> **Work order**:
Print out each entry without alteration, and keep the pictures out.

:: Excerpted data

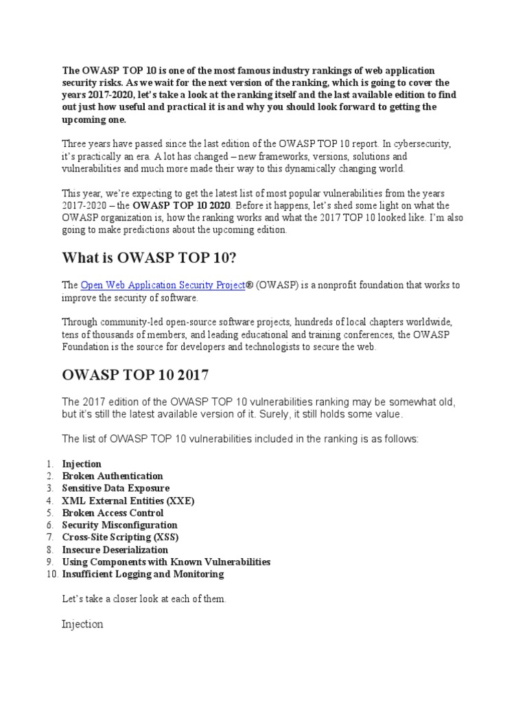 What Is OWASP TOP 10?: Open Web Application Security Project | PDF ...
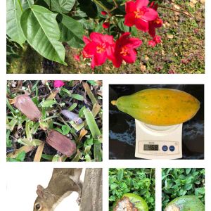 ⬆️提琴桜と松葉 ⬅️松の種がひらひらと舞い降りました ➡️パパイヤ収穫468g 8個目 ↙️リスがアボカドのタネを咥えています ↘️新に2個のアボカドがかじられました
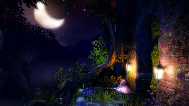 The level starts at twilight by a stream in the mountain forest, just outside the Astral Academy.
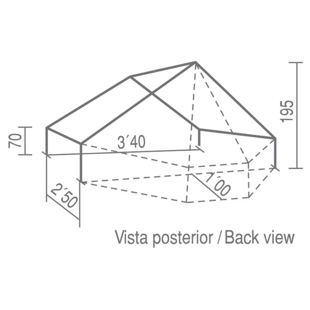 Canadian-style tent, made of 100% cotton and Polyester, with PU coating and hydrofuge treatment.
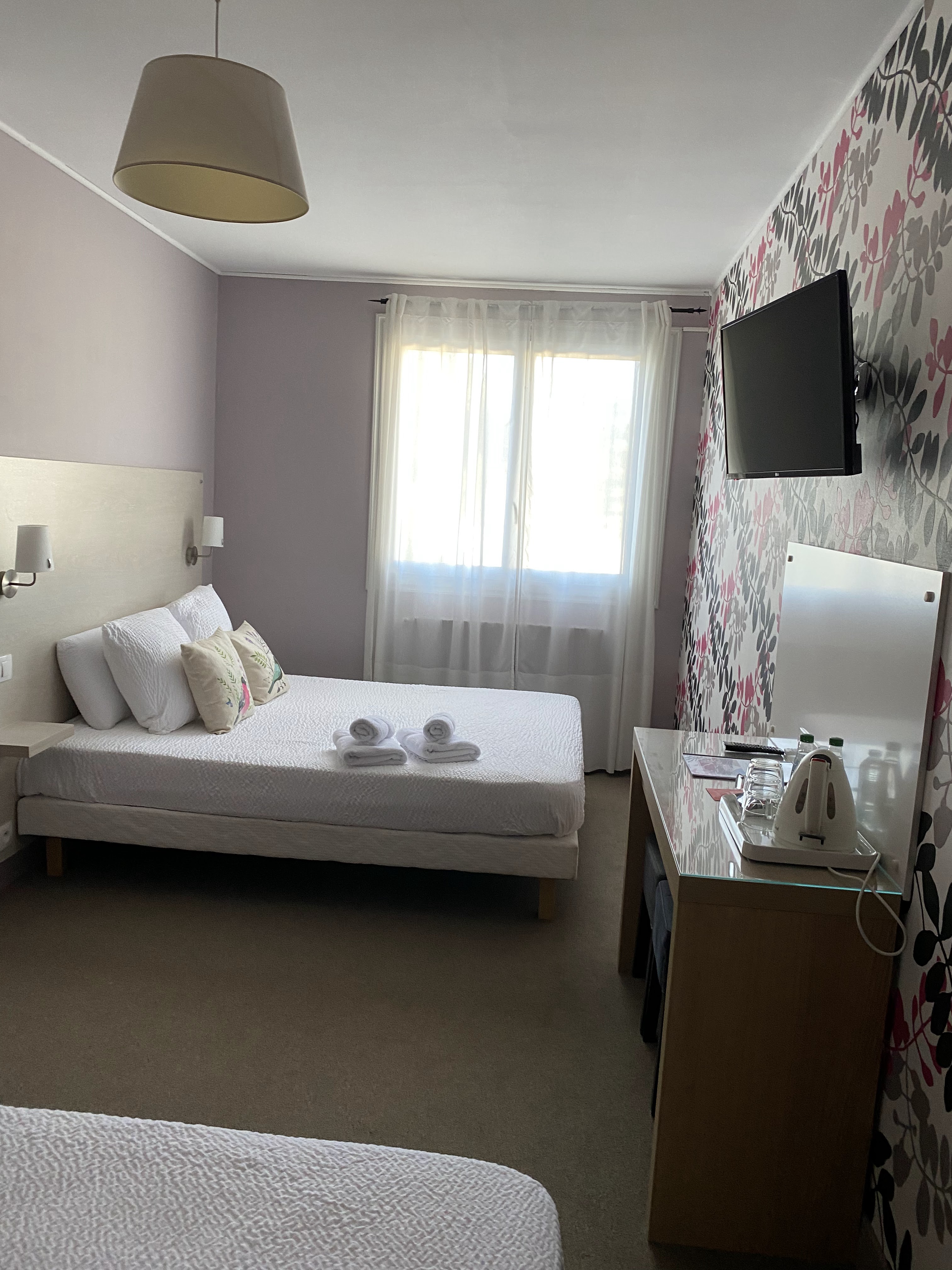 POUR UNE NUIT PAS PLUS ! Hôtel correct pour y passer 1 nuit. Malheureusement nous avions réservé pour 4 nuits. ATTENTION ! Il faut savoir que sous prétexte de la COVID19 la chambre n'est pas faite durant tout le séjour, ce qui n'est pas mentionné sur le site web de l'hôtel qui précise au contraire hygiène renforcée - service en chambre quotidien ! Or la douche, le lavabo, les wc, le lit, la chambre en général RIEN n'a été nettoyé ; les serviettes de toilette (rêches et trouées pour certaines) ne sont changées que sur demande. Nous avons fait part de nos remarques au propriétaire et dit notre incompréhension. Sa réponse a été COVID 19 on n'entre pas dans les chambres. Dans ce cas il faut être clair et signaler au client à la réservation qu'il n'y a pas de ménage quotidien. Il est urgent de corriger les informations sur le site web de l'hôtel elles sont fausses. On nous a annoncé un service primordial non réalisé que nous avons payé. Nous ne retournerons pas dans cet hôtel et nous ne le recommandons pas du tout.

::::

> **Expected output**:
 What Is OWASP TOP 10?: Open Web Application Security Project | PDF ...
 ⬆️提琴桜と松葉 ⬅️松の種がひらひらと舞い降りました ➡️パパイヤ収穫468g 8個目 ↙️リスがアボカドのタネを咥えています ↘️新に2個のアボカドがかじられました
 The level starts at twilight by a stream in the mountain forest, just outside the Astral Academy.
 Canadian-style tent, made of 100% cotton and Polyester, with PU coating and hydrofuge treatment.
 POUR UNE NUIT PAS PLUS ! Hôtel correct pour y passer 1 nuit. Malheureusement nous avions réservé pour 4 nuits. ATTENTION ! Il faut savoir que sous prétexte de la COVID19 la chambre n'est pas faite durant tout le séjour, ce qui n'est pas mentionné sur le site web de l'hôtel qui précise au contraire hygiène renforcée - service en chambre quotidien ! Or la douche, le lavabo, les wc, le lit, la chambre en général RIEN n'a été nettoyé ; les serviettes de toilette (rêches et trouées pour certaines) ne sont changées que sur demande. Nous avons fait part de nos remarques au propriétaire et dit notre incompréhension. Sa réponse a été COVID 19 on n'entre pas dans les chambres. Dans ce cas il faut être clair et signaler au client à la réservation qu'il n'y a pas de ménage quotidien. Il est urgent de corriger les informations sur le site web de l'hôtel elles sont fausses. On nous a annoncé un service primordial non réalisé que nous avons payé. Nous ne retournerons pas dans cet hôtel et nous ne le recommandons pas du tout.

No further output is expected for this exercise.